How can I compare the result of a function with numbers?

This is my code: def func(×,y) res = x + y return = res print(func(float(input()),float(input())) if func < 10 print(Hello!) this is the error: TypeError: unorderable types: func() < int() Now I understand that I can't compare functions with numbers but I can't understand how to compare the result of the function with numbers. I tried like this: if func(x,y) < 10 print(hello!) but it says that x isn't defined. Can anybody help me with this?
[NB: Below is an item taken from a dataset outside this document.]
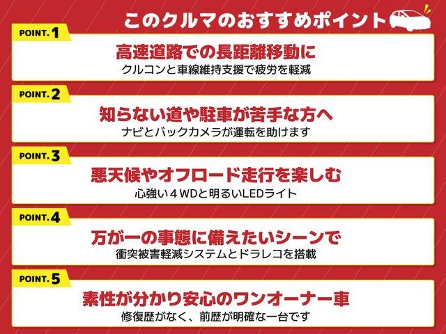 1.高速道路での長距離移動に、2.知らない道や駐車が苦手な方へ、3.悪天候やオフロード走行を楽しむ、4.万が一の事態に備えたいシーンで、5.素性が分かり安心のワンオーナー車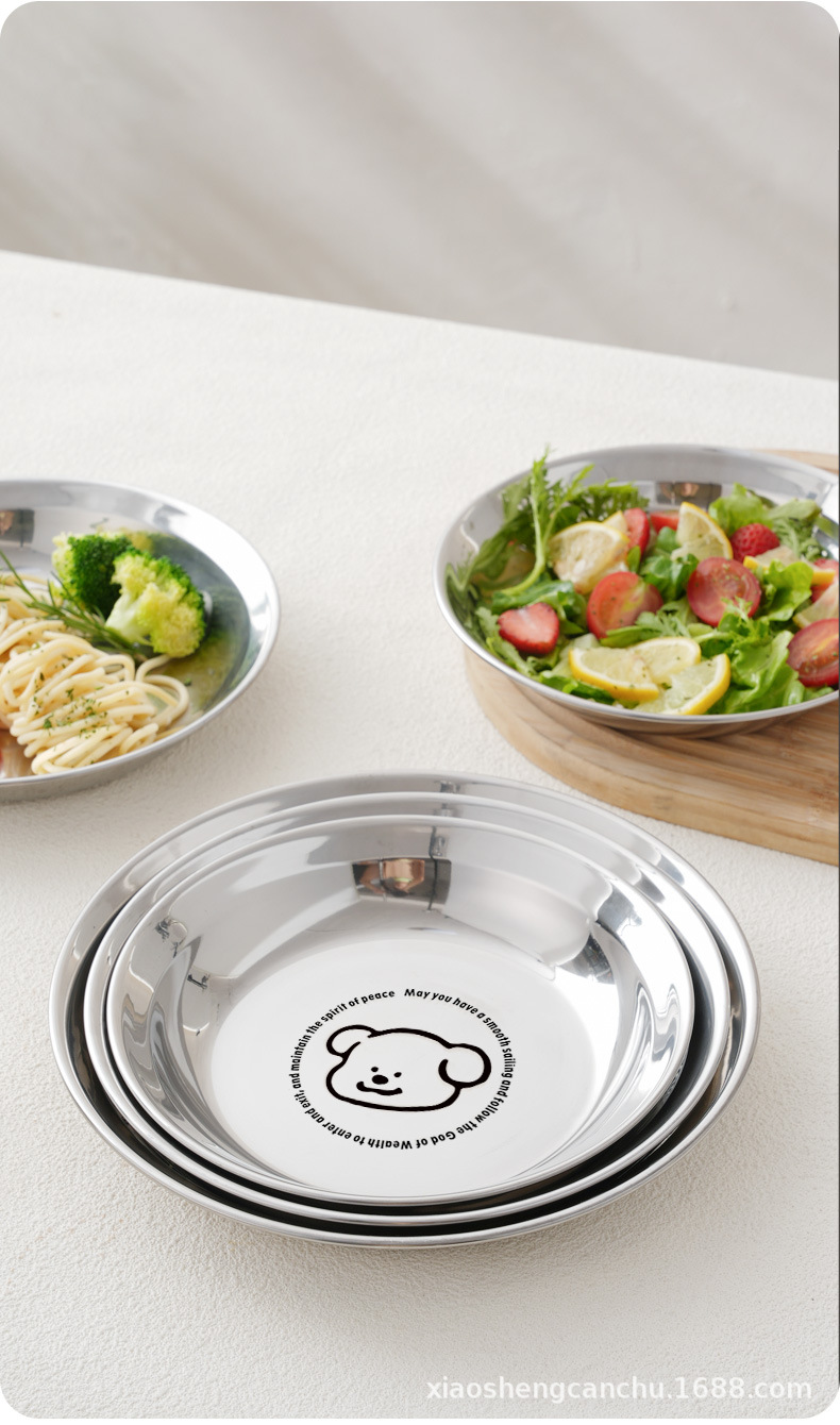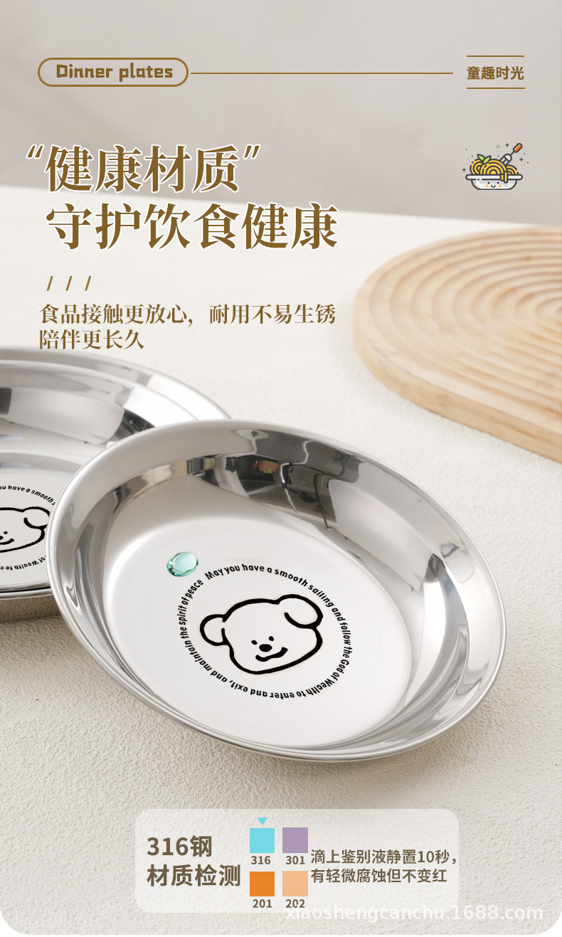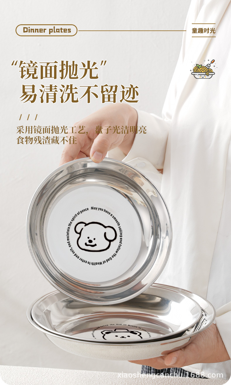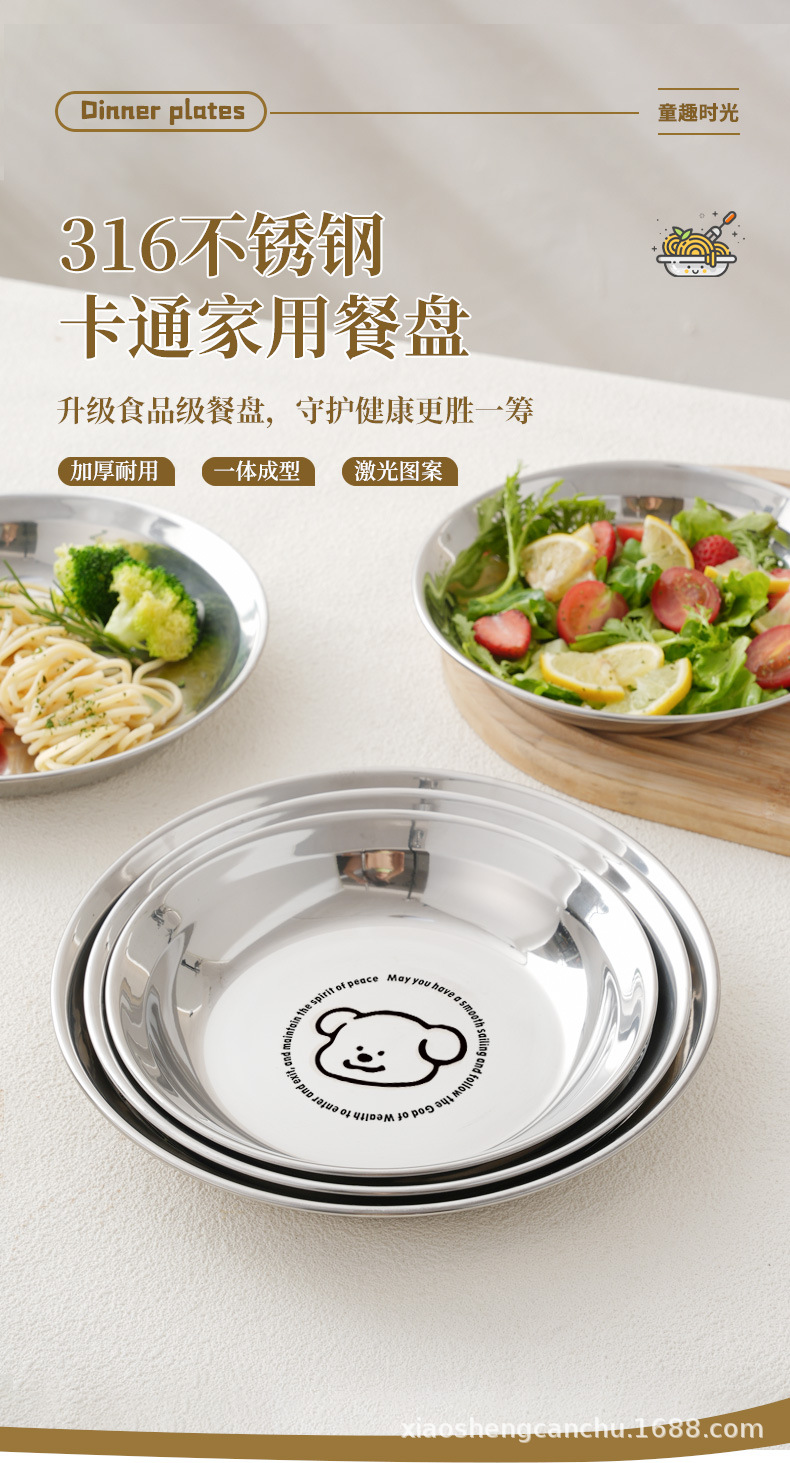 304 스테인레스 스틸 플레이트 귀여운 가정용 어린이 베이비 디너 플레이트 식품 학년 베이비 식기 두꺼운 디스크

P.S.:I'm sorry for my bad english

python functions function-arguments python3

19th Jun 2017, 10:48 PM

Massimiliano Orsini

4 Answers

+ 3

You have several syntax errors: def func(x, y): # missing colon return x + y if func(float(input()), float(input())) < 10: # missing colon print("Hello!") # Hello! needs to be surrounded with quotes

19th Jun 2017, 11:19 PM

ChaoticDawg

+ 1

Thank you for your help!

19th Jun 2017, 11:31 PM

Massimiliano Orsini

+ 1

Actually, the error is caused by the fact that you are comparing a function NAME with a number instead of a function RESULT. "func" is a function name, of type "function" "func(10,10)" is a function result, of type... whatever you return (in this case, "int"). If you want this to work the way you wrote it, just store the function result in a variable. myresult=func(float(input()),float(input())) print(myresult) if myresult<10: print('Hello!') Also, careful with ":" (it's required after "if" or "def"), and with string values (they should be within quotes - see "Hello!"). As for the error received when calling func(x,y), that is simply because you have no variable named "x". Try calling it with actual numbers: func(10,20)

20th Jun 2017, 7:27 AM

Bogdan Sass